## [Records supplied]
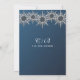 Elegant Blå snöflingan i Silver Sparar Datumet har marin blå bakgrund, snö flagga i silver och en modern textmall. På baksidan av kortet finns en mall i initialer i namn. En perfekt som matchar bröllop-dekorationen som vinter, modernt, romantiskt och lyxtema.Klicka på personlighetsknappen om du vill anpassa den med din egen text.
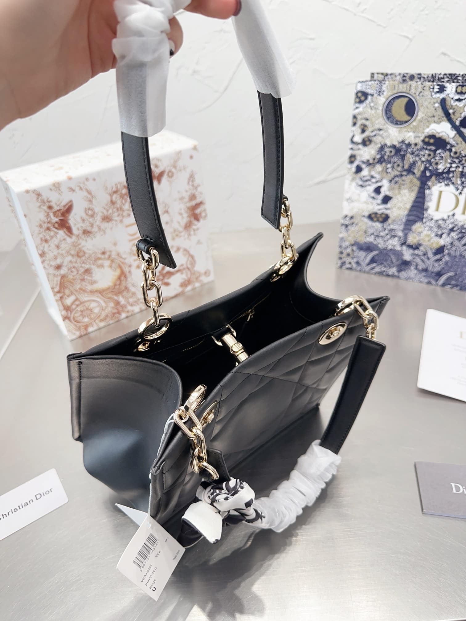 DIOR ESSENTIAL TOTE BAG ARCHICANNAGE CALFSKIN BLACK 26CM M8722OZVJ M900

---

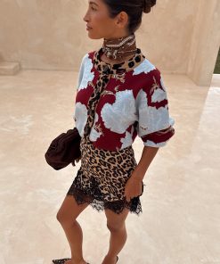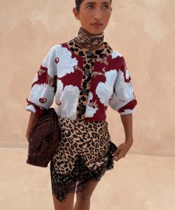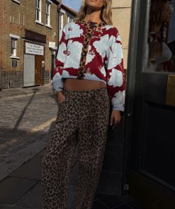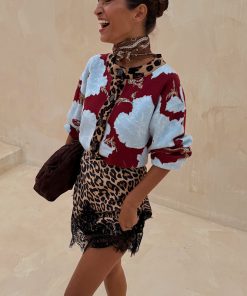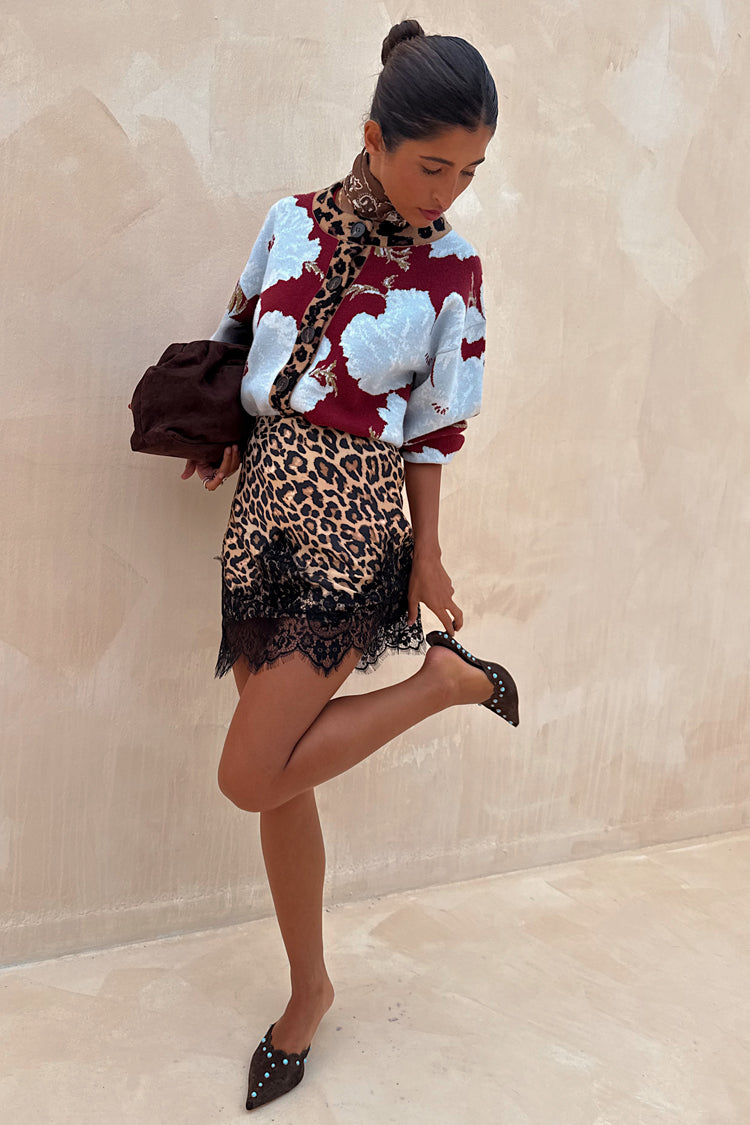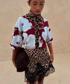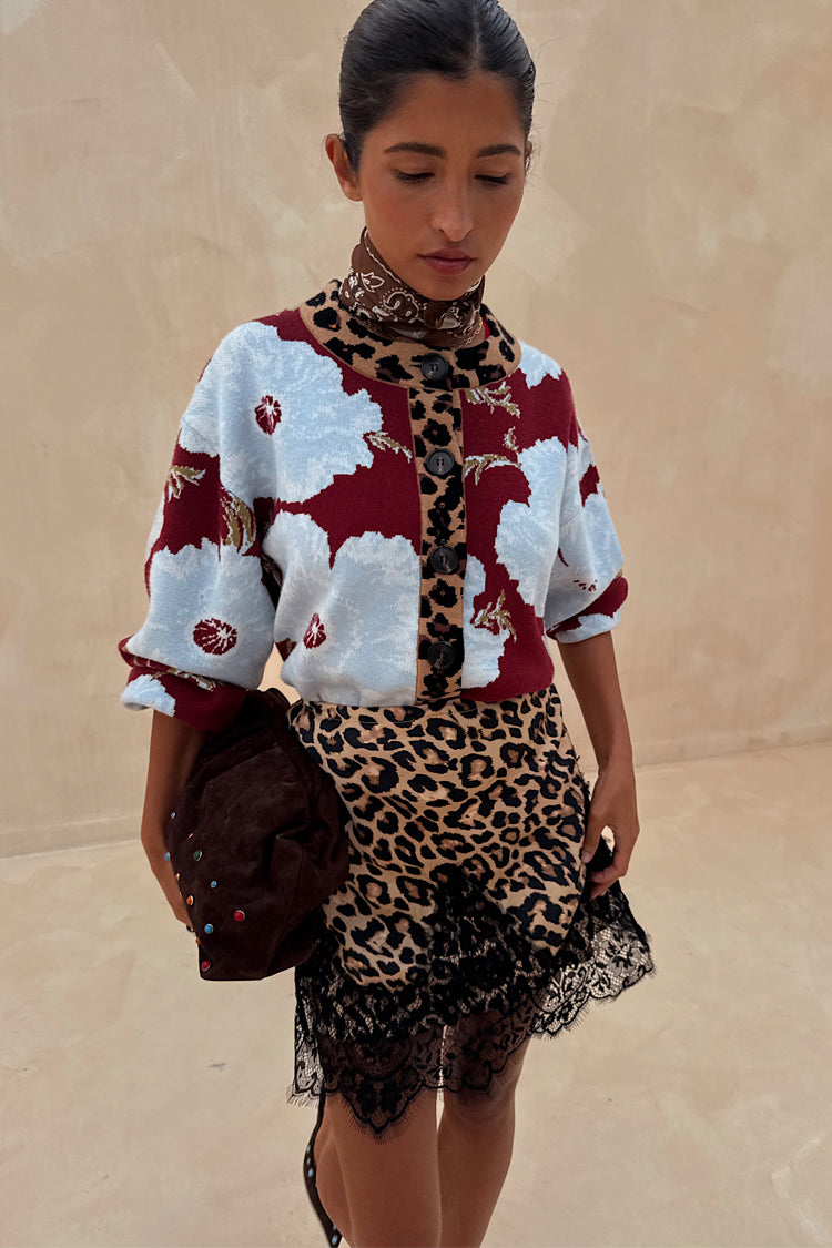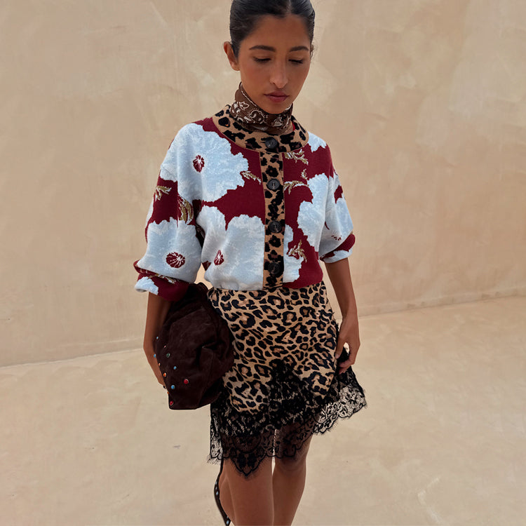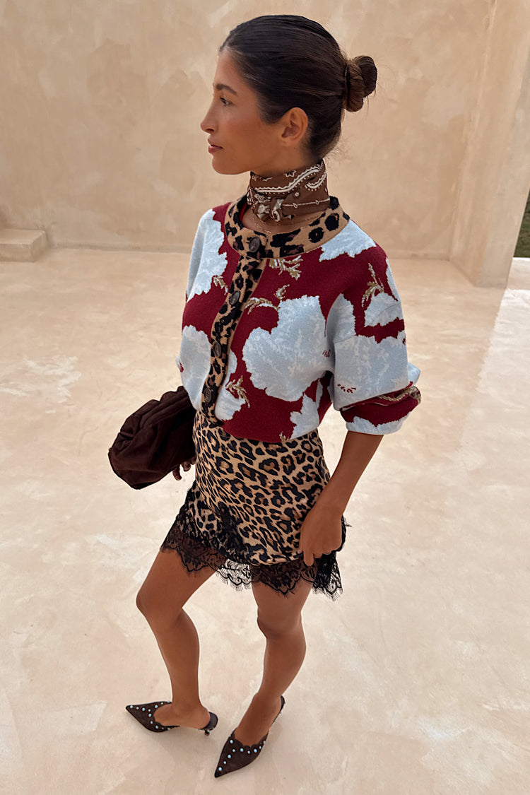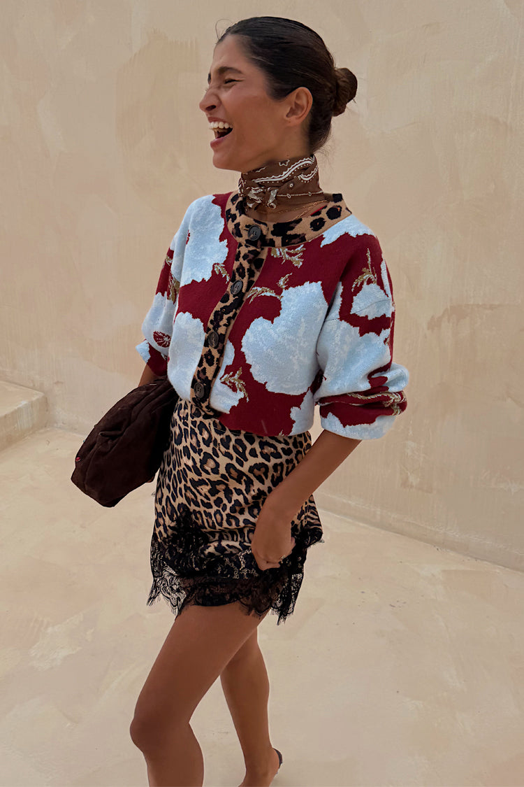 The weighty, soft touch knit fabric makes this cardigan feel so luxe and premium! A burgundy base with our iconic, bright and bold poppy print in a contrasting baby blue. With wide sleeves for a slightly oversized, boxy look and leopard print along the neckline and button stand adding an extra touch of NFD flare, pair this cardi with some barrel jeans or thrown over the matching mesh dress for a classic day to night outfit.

--

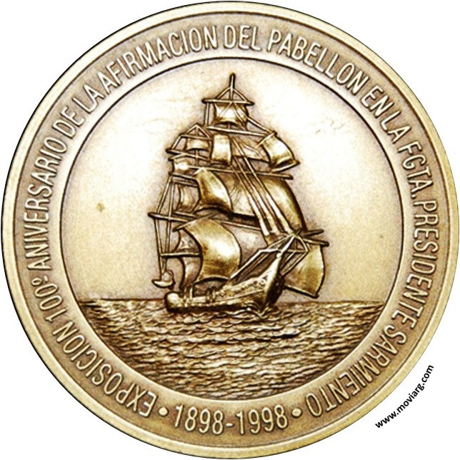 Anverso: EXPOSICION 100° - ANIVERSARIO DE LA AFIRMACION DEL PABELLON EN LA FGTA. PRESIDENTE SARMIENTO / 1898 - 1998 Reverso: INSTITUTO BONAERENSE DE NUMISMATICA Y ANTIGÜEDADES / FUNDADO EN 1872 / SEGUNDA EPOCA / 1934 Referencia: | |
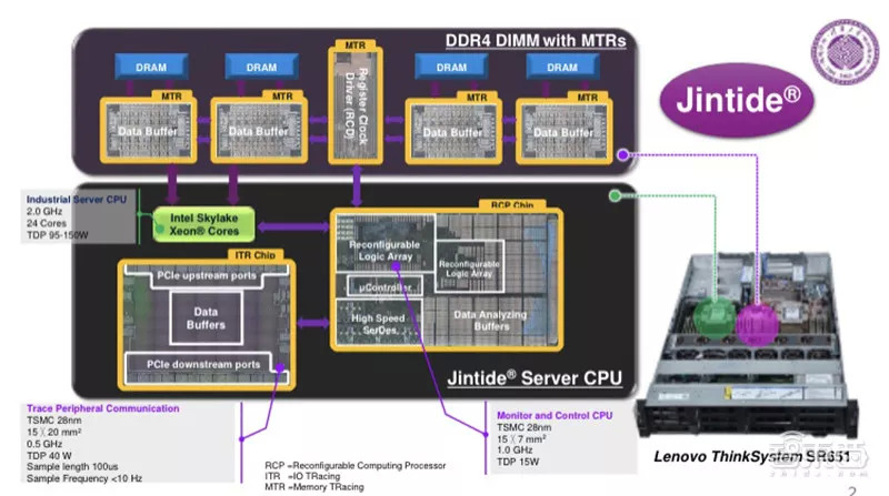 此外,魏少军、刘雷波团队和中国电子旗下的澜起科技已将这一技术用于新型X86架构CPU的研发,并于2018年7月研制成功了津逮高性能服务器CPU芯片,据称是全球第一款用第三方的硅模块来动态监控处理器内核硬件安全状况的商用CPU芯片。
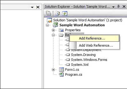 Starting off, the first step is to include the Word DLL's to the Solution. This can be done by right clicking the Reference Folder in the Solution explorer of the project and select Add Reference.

## [Problem to solve]
Your answer must be the exact lines from the records above, from the one containing "Elegant Blå snöflingan" through the one containing "DIOR ESSENTIAL TOTE", both included, with every picture left out.

## [Answer to this task]
 Elegant Blå snöflingan i Silver Sparar Datumet har marin blå bakgrund, snö flagga i silver och en modern textmall. På baksidan av kortet finns en mall i initialer i namn. En perfekt som matchar bröllop-dekorationen som vinter, modernt, romantiskt och lyxtema.Klicka på personlighetsknappen om du vill anpassa den med din egen text.
 DIOR ESSENTIAL TOTE BAG ARCHICANNAGE CALFSKIN BLACK 26CM M8722OZVJ M900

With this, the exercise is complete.